The problem becomes vivid with simple cases. Two drivers text at the wheel under identical conditions. One makes it home safely; the other kills a pedestrian who steps out from between parked cars. We treat these people very differently — criminally, socially, even in our private moral assessments. Yet the only difference between them was luck. If control is the proper basis for moral judgment, we are judging the unlucky driver for something that was not, in any meaningful sense, his fault more than his counterpart's.

Why the problem bites hard

One response is to say that outcomes are irrelevant and what matters is the intention or choice. Both drivers made the same reckless decision, so both deserve equal condemnation. This is clean, but almost nobody actually believes it in practice, and our legal systems don't reflect it either. Attempted murder is punished less severely than completed murder in virtually every jurisdiction. There is something in our moral psychology that attaches to outcomes, and dismissing that entirely feels like it loses something real about moral responsibility.

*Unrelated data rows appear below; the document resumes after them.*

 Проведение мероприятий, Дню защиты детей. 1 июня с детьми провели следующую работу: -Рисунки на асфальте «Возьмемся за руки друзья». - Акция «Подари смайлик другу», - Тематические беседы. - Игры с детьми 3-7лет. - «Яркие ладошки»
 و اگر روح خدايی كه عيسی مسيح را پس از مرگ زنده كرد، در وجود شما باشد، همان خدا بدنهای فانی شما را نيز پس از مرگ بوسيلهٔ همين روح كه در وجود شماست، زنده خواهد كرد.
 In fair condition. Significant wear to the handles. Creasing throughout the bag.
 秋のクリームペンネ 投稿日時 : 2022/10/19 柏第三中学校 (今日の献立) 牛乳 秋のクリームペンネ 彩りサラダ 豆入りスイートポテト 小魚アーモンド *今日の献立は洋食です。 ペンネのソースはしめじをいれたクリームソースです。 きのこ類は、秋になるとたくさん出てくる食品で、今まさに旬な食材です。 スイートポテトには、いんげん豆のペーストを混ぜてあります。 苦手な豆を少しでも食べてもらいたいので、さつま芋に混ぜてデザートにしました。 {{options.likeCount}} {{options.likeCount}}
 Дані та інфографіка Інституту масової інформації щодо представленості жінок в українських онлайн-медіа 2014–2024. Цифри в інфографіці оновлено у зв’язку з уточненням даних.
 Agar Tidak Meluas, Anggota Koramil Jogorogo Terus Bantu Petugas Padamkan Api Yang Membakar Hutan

The deeper difficulty comes with constitutive luck. If your dispositions — your capacity for empathy, your impulse control, your susceptibility to anger or addiction — are substantially shaped by genetics and early environment, then what exactly are we holding you responsible for when we praise your generosity or condemn your cruelty? The person raised in poverty and chaos who commits a crime, and the person raised in stability and warmth who does not, may have exercised similar degrees of agency relative to the options their circumstances made available. We punish the outcomes of luck dressed up as character.

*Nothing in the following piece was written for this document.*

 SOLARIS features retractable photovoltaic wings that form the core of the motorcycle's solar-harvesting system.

This is not a fringe worry. Research in behavioral genetics and developmental psychology has made the problem more acute, not less. Traits relevant to moral behavior — aggression, conscientiousness, risk tolerance — show substantial heritability. This doesn't eliminate agency, but it complicates any picture of the self as the uncaused author of its own choices.

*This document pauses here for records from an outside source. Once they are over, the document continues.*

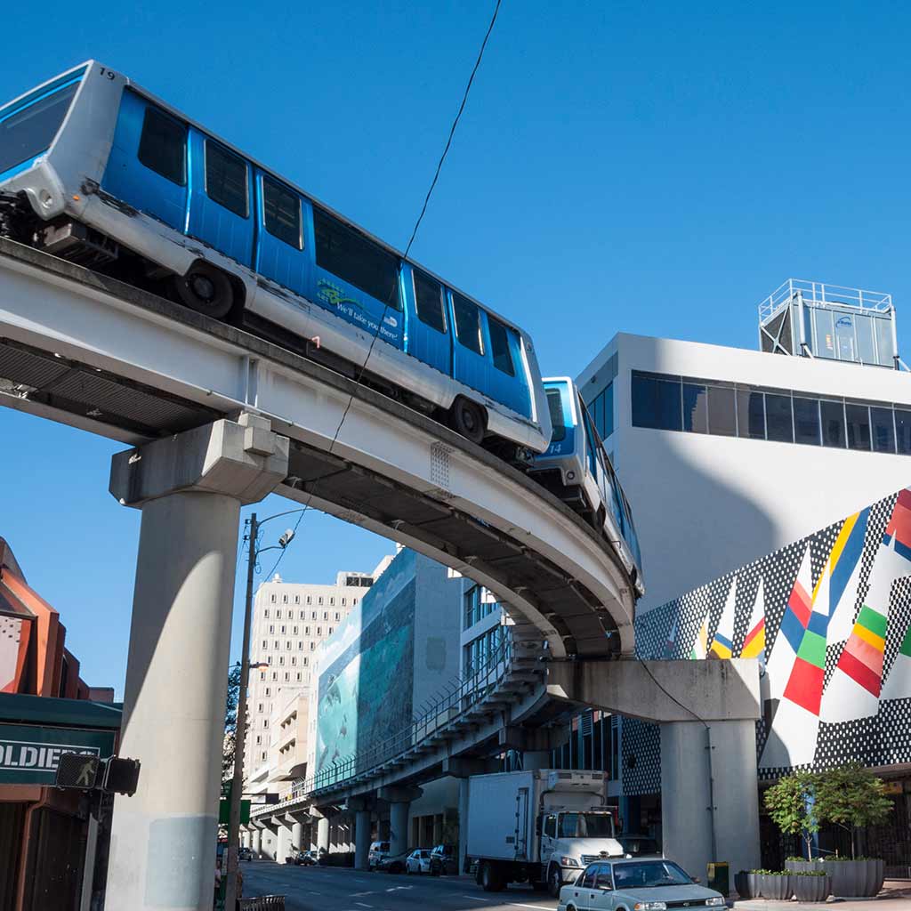 If you want to go across Miami on an elevated transit system, then give the Metrorail a try. Both the Metrorail (aka “The Metro”) and the Metromover connect Miami’s central Downtown hub to outer parts of the city. The Metrorail’s Orange line connects the Dadeland area north through to Miami International Airport, while the Green line starts north at Palmetto and winds its way down to Dadeland. The Metromover, electrically powered and free to ride, operates a smaller inner loop around center of Downtown; an outer loop that ventures north to the Performing Arts Center, and the Brickell loop south to the Financial District.
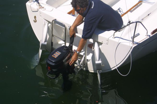 On a sailboat, the outboard motor is installed on the stern, with three installation possibilities :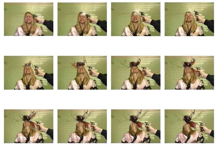 La sangre aparece por primera vez cuatro cuadros después del disparo. Si este vídeo se creó con la frecuencia estándar de 30 fotogramas por segundo, hubo un intervalo de 0,05 segundos entre la toma y la proyección de sangre. Este es un intervalo demasiado largo ya que la proyección de sangre en un disparo real ocurre en cientos de miles de segundos, no en décimas de segundo.

The positions on offer and their costs

Philosophers have taken roughly three approaches. The control principle, defended rigorously by Kant and his inheritors, holds that only what falls under the agent's rational will is morally assessable. The implication is radical: most of what we actually judge in ourselves and others turns out to be morally arbitrary. We should respond to this with something closer to compassion and institutional correction than blame.

A second approach bites the bullet in the other direction. Philosophers like Michael Moore argue that moral luck is real and legitimate — that outcomes genuinely matter to moral assessment, not just to our psychology. On this view, the driver who killed someone really is more blameworthy, not merely unluckier, and we should own that rather than pretend otherwise.

A third approach, associated with work by philosophers like Dana Zimmerman and more recently by situationist critics, questions whether the self doing the controlling is itself coherent enough to bear the weight we put on it. If luck goes all the way down — through character, through prior causes, through the social conditions that shaped what options ever felt available — the entire framework of individual desert may need rebuilding from scratch.

What follows for secular ethics

For anyone building an ethics without recourse to souls, divine judgment, or metaphysical free will, moral luck is not a problem to explain away. It is a productive pressure point. It pushes secular ethical frameworks toward emphasizing forward-looking over backward-looking judgments — less about what someone deserves for past conduct, more about what responses will reduce future harm and support human flourishing.

This doesn't dissolve responsibility entirely. Holding people accountable still serves real functions: it shapes behavior, expresses communal values, and protects potential victims. But it should induce a kind of epistemic humility about condemnation. The person we are judging most harshly may differ from us primarily in the accidents of birth and circumstance — and recognizing that is not moral softness. It is the honest application of the control principle we already claim to believe in.